**TASK GOAL**
This task asks for the lines from the one with "学生们在阿伦德尔高中的一次社" to the final line below, repeated exactly, with pictures omitted.

**DATA RECORDS**
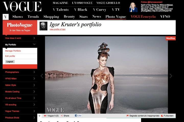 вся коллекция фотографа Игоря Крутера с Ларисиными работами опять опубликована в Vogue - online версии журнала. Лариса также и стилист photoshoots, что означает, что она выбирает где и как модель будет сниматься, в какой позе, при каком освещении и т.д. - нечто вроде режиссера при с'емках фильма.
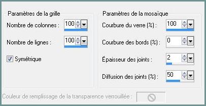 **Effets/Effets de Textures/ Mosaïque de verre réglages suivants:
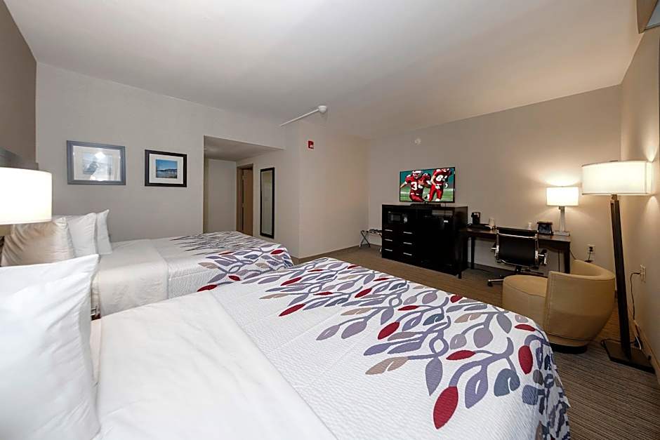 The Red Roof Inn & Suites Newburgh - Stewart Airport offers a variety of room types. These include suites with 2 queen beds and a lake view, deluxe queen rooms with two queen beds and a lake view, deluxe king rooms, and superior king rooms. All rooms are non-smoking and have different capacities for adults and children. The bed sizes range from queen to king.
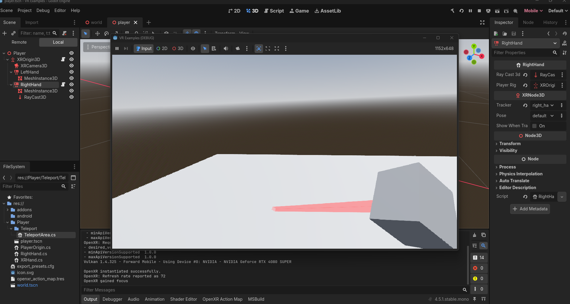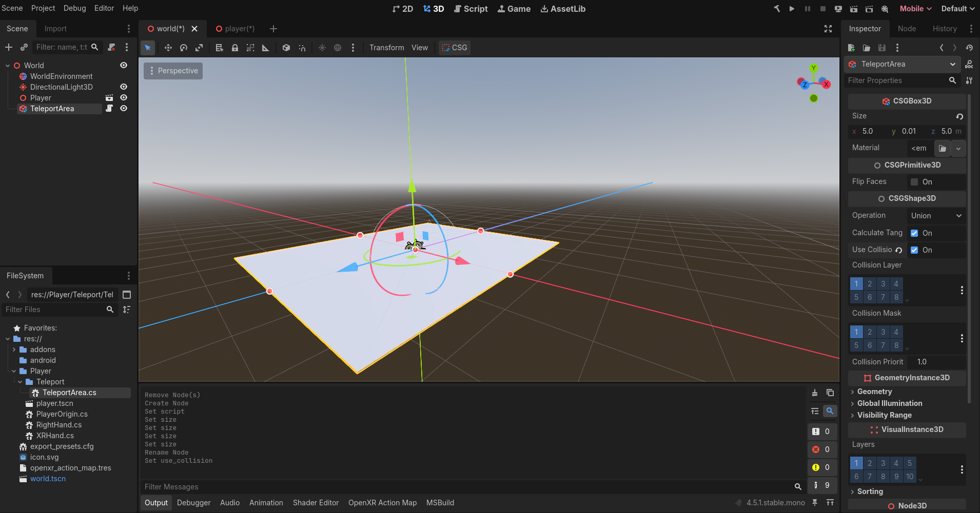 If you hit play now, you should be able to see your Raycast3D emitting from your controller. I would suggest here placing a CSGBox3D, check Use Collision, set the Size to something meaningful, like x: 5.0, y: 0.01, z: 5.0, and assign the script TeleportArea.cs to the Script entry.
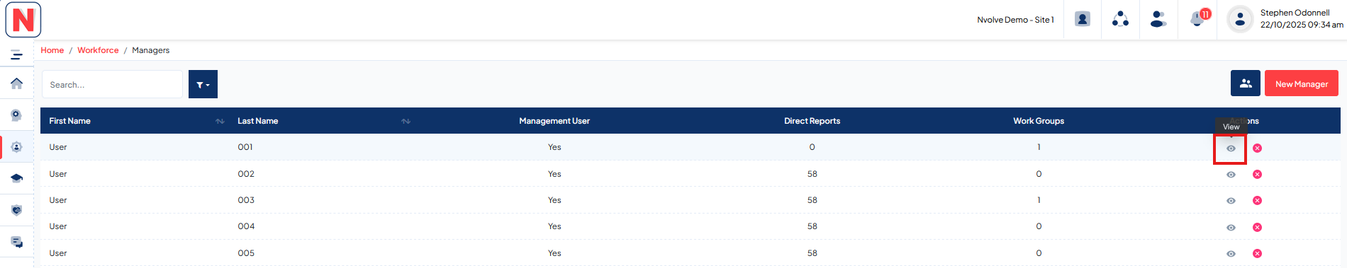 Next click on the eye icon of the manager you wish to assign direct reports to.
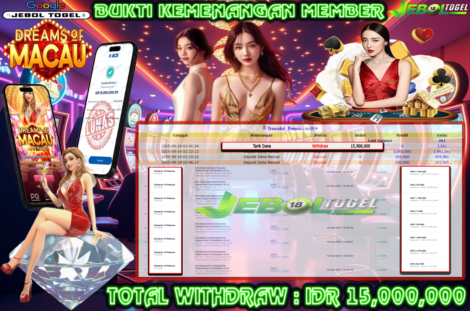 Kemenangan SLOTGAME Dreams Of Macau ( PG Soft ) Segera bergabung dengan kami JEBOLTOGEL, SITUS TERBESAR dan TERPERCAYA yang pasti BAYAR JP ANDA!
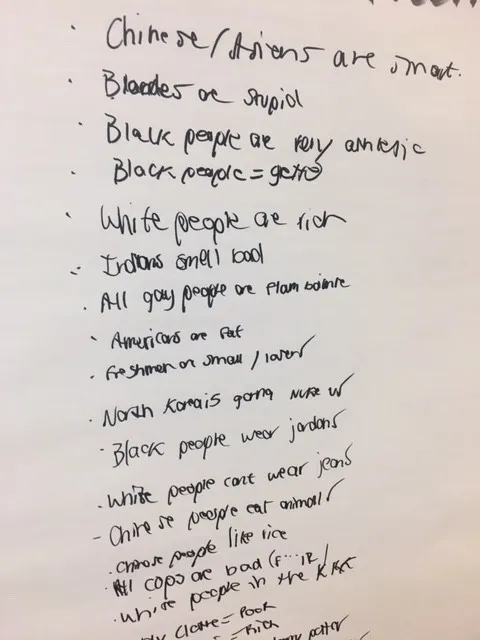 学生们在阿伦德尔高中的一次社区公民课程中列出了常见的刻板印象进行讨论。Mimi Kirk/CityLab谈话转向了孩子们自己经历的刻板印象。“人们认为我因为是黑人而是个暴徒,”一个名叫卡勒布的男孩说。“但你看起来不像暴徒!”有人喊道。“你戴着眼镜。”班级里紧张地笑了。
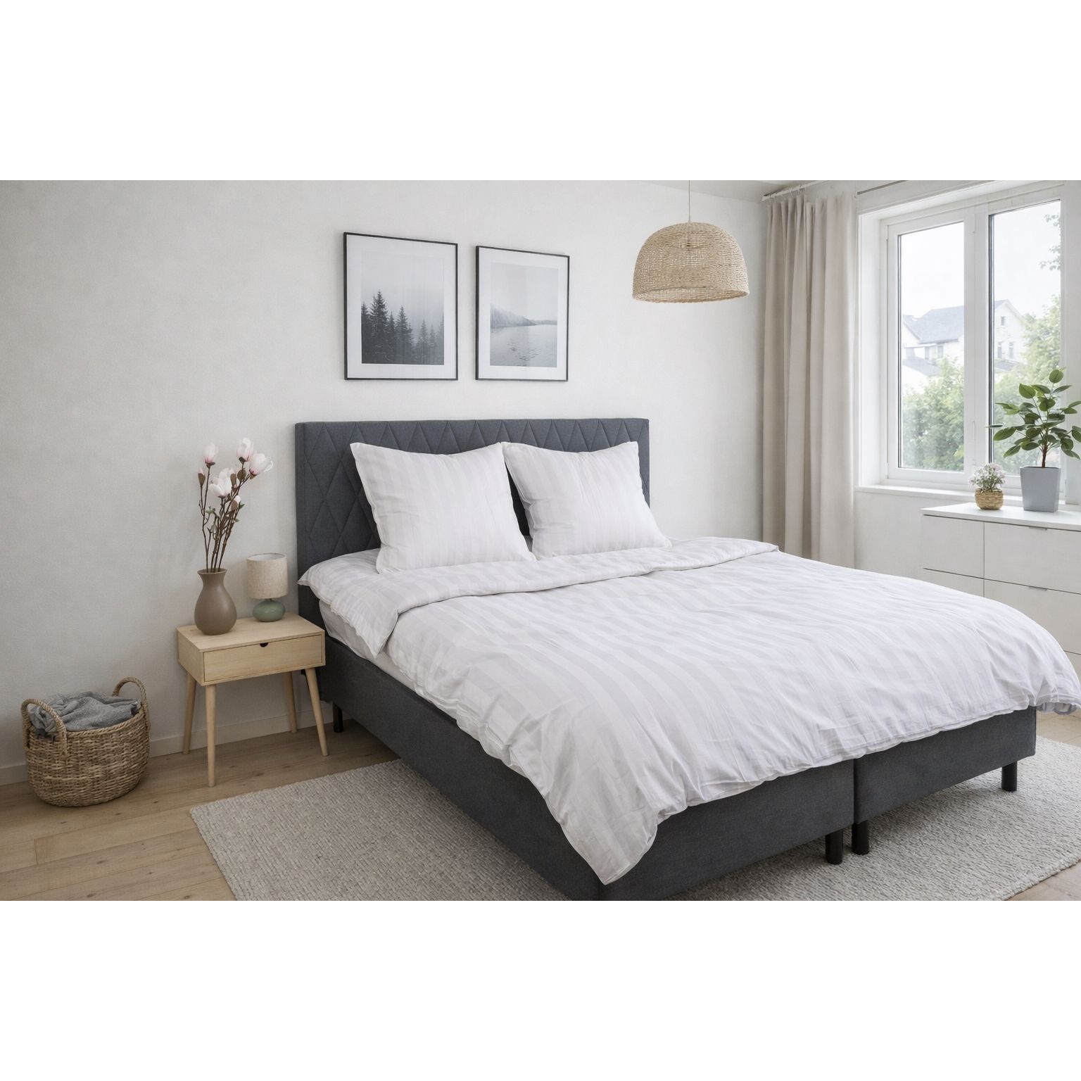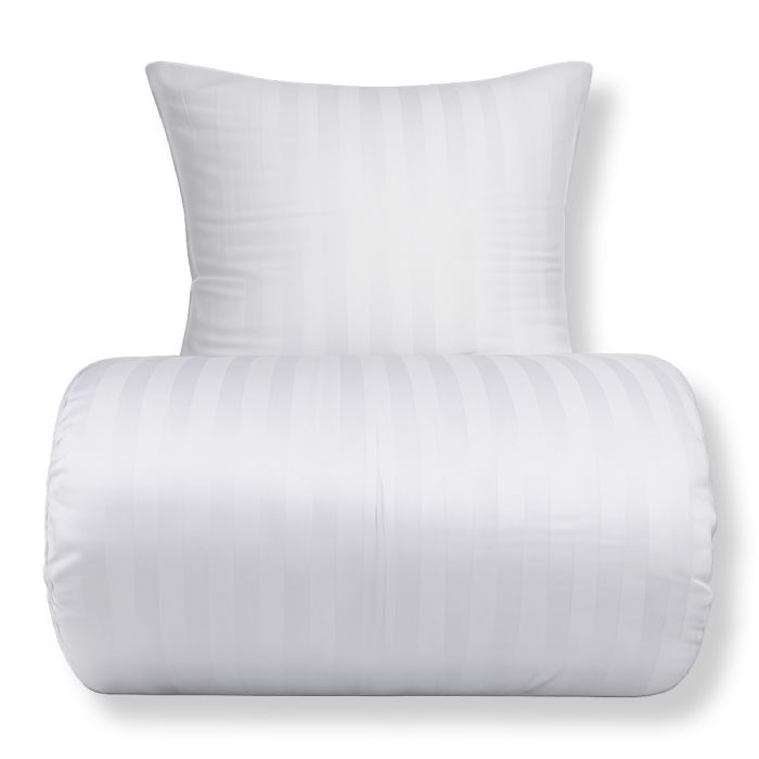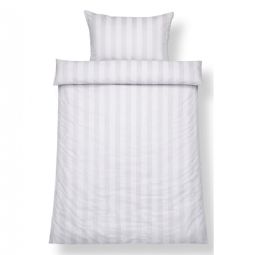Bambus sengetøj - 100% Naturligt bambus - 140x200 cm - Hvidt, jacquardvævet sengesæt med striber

**RESPONSE TO THE TASK**
 学生们在阿伦德尔高中的一次社区公民课程中列出了常见的刻板印象进行讨论。Mimi Kirk/CityLab谈话转向了孩子们自己经历的刻板印象。“人们认为我因为是黑人而是个暴徒,”一个名叫卡勒布的男孩说。“但你看起来不像暴徒!”有人喊道。“你戴着眼镜。”班级里紧张地笑了。
Bambus sengetøj - 100% Naturligt bambus - 140x200 cm - Hvidt, jacquardvævet sengesæt med striber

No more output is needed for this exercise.